• INPUT DATA:
####

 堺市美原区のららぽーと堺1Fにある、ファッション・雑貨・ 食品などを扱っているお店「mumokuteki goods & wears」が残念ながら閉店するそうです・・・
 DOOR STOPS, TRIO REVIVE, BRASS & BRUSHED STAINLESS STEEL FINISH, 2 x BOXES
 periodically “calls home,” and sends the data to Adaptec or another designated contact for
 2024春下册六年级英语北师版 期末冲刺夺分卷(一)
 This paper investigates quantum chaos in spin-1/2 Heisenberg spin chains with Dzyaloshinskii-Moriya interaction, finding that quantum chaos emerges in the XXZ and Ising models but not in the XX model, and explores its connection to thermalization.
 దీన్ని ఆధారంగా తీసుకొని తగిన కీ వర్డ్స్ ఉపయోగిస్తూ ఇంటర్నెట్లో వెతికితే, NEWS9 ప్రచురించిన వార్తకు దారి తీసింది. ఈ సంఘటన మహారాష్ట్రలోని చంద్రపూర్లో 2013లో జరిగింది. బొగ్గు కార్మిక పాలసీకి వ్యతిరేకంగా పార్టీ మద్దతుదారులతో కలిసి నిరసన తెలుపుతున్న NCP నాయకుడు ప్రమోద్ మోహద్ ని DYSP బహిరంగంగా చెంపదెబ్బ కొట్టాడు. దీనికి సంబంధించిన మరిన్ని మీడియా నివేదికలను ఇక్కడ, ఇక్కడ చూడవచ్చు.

####

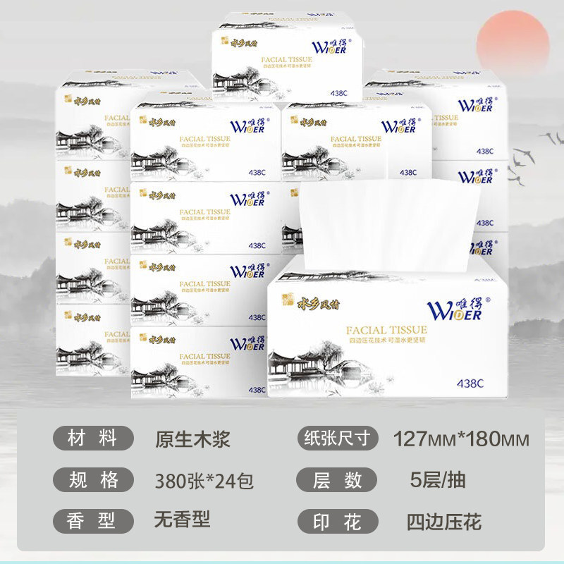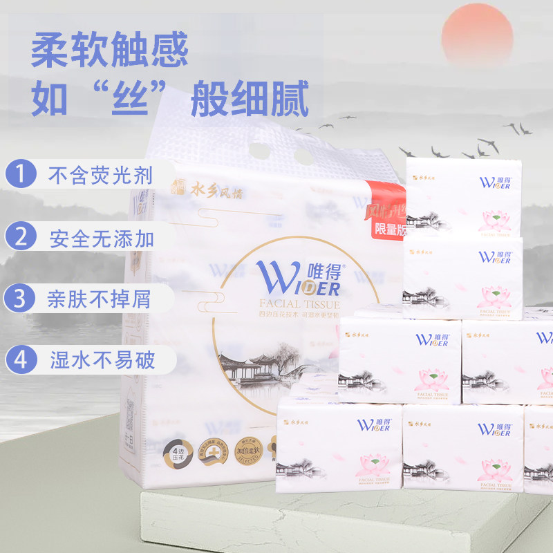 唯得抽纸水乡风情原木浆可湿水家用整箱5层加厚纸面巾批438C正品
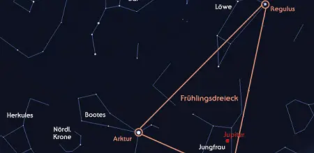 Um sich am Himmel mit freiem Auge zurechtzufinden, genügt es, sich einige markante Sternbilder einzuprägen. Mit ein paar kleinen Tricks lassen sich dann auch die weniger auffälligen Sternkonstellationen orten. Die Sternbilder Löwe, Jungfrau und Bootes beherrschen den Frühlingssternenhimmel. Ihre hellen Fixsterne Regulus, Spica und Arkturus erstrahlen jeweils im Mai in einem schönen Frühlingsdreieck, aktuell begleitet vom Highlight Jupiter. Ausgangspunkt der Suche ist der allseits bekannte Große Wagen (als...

####

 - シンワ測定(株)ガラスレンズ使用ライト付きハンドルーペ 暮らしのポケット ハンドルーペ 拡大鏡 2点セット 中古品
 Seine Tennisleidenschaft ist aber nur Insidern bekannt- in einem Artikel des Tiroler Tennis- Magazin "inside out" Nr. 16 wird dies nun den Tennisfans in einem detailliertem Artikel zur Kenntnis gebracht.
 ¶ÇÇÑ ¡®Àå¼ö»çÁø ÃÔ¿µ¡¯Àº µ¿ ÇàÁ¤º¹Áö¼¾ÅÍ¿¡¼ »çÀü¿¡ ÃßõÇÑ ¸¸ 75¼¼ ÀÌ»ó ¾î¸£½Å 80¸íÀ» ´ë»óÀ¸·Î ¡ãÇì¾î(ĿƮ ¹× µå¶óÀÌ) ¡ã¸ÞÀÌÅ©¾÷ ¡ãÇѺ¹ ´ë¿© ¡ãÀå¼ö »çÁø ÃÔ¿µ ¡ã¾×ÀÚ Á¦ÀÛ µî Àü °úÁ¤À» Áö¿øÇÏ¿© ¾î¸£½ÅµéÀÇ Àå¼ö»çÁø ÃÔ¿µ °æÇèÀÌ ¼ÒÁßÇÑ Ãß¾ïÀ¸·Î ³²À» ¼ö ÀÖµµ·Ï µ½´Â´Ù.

####

• WHAT YOU NEED TO DO: Going back to the entries above, set down exactly the lines that begin at the one with "堺市美原区のららぽーと堺1Fにある、ファッション・雑貨・ 食品などを扱っているお店「mumokuteki goods" and end at the one with "దీన్ని ఆధారంగా తీసుకొని", both included, and nothing else.

• EXPECTED ANSWER:
 堺市美原区のららぽーと堺1Fにある、ファッション・雑貨・ 食品などを扱っているお店「mumokuteki goods & wears」が残念ながら閉店するそうです・・・
 DOOR STOPS, TRIO REVIVE, BRASS & BRUSHED STAINLESS STEEL FINISH, 2 x BOXES
 periodically “calls home,” and sends the data to Adaptec or another designated contact for
 2024春下册六年级英语北师版 期末冲刺夺分卷(一)
 This paper investigates quantum chaos in spin-1/2 Heisenberg spin chains with Dzyaloshinskii-Moriya interaction, finding that quantum chaos emerges in the XXZ and Ising models but not in the XX model, and explores its connection to thermalization.
 దీన్ని ఆధారంగా తీసుకొని తగిన కీ వర్డ్స్ ఉపయోగిస్తూ ఇంటర్నెట్లో వెతికితే, NEWS9 ప్రచురించిన వార్తకు దారి తీసింది. ఈ సంఘటన మహారాష్ట్రలోని చంద్రపూర్లో 2013లో జరిగింది. బొగ్గు కార్మిక పాలసీకి వ్యతిరేకంగా పార్టీ మద్దతుదారులతో కలిసి నిరసన తెలుపుతున్న NCP నాయకుడు ప్రమోద్ మోహద్ ని DYSP బహిరంగంగా చెంపదెబ్బ కొట్టాడు. దీనికి సంబంధించిన మరిన్ని మీడియా నివేదికలను ఇక్కడ, ఇక్కడ చూడవచ్చు.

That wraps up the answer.